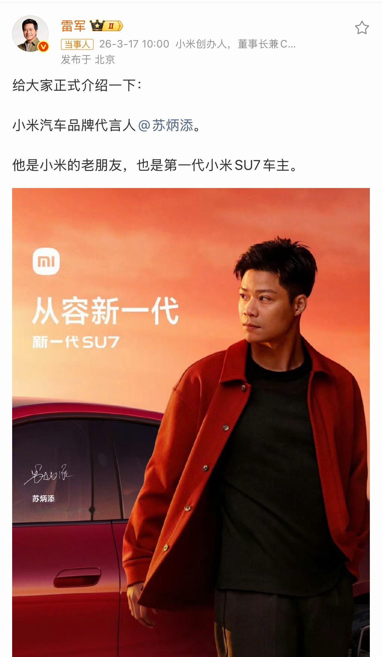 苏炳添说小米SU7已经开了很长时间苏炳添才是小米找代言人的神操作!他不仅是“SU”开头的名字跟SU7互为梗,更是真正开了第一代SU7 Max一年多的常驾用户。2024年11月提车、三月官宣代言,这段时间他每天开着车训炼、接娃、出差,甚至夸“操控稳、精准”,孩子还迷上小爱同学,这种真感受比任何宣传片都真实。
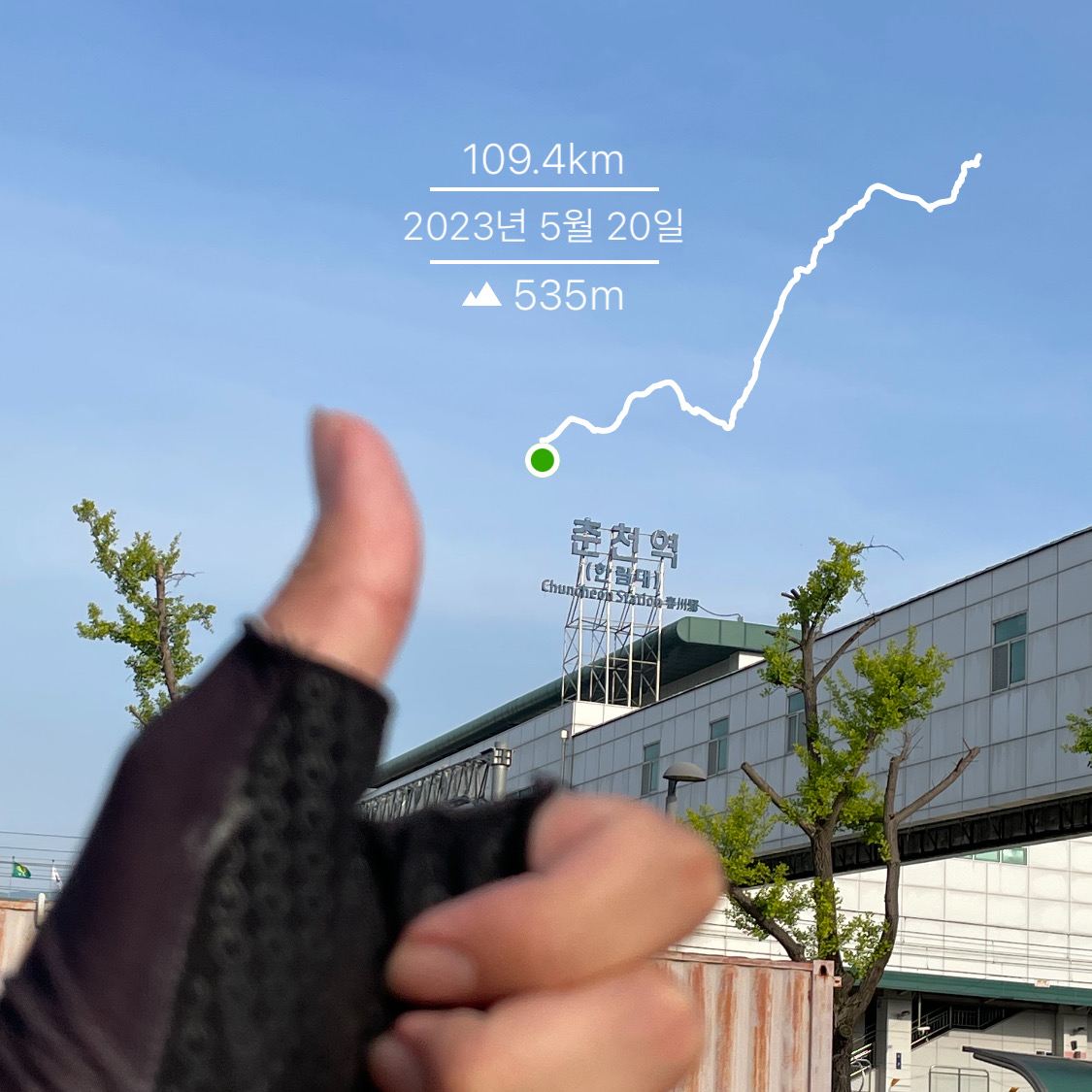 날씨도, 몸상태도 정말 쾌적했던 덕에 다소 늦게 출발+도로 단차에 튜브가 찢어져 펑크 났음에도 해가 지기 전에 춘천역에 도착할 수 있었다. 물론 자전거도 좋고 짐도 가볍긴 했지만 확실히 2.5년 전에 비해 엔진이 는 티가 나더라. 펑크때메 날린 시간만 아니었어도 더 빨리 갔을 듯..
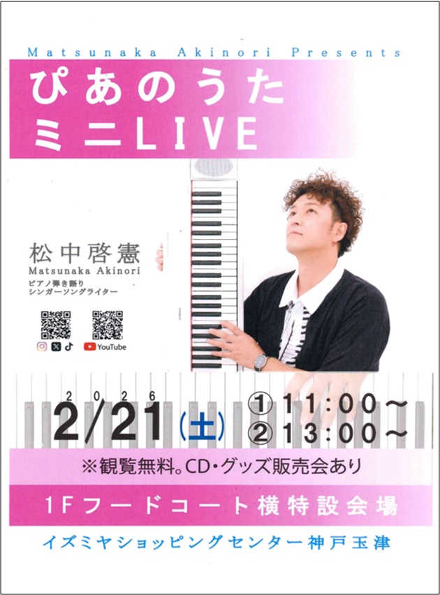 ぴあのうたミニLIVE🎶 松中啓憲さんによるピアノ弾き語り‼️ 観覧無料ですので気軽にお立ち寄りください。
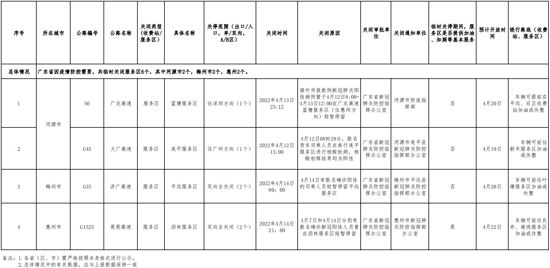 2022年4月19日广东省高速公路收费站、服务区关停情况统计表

-------------------------

What to do — Copy out every line of the data above, taking care to leave the pictures out.

Exercise result —
 苏炳添说小米SU7已经开了很长时间苏炳添才是小米找代言人的神操作!他不仅是“SU”开头的名字跟SU7互为梗,更是真正开了第一代SU7 Max一年多的常驾用户。2024年11月提车、三月官宣代言,这段时间他每天开着车训炼、接娃、出差,甚至夸“操控稳、精准”,孩子还迷上小爱同学,这种真感受比任何宣传片都真实。
 날씨도, 몸상태도 정말 쾌적했던 덕에 다소 늦게 출발+도로 단차에 튜브가 찢어져 펑크 났음에도 해가 지기 전에 춘천역에 도착할 수 있었다. 물론 자전거도 좋고 짐도 가볍긴 했지만 확실히 2.5년 전에 비해 엔진이 는 티가 나더라. 펑크때메 날린 시간만 아니었어도 더 빨리 갔을 듯..
 ぴあのうたミニLIVE🎶 松中啓憲さんによるピアノ弾き語り‼️ 観覧無料ですので気軽にお立ち寄りください。
 2022年4月19日广东省高速公路收费站、服务区关停情况统计表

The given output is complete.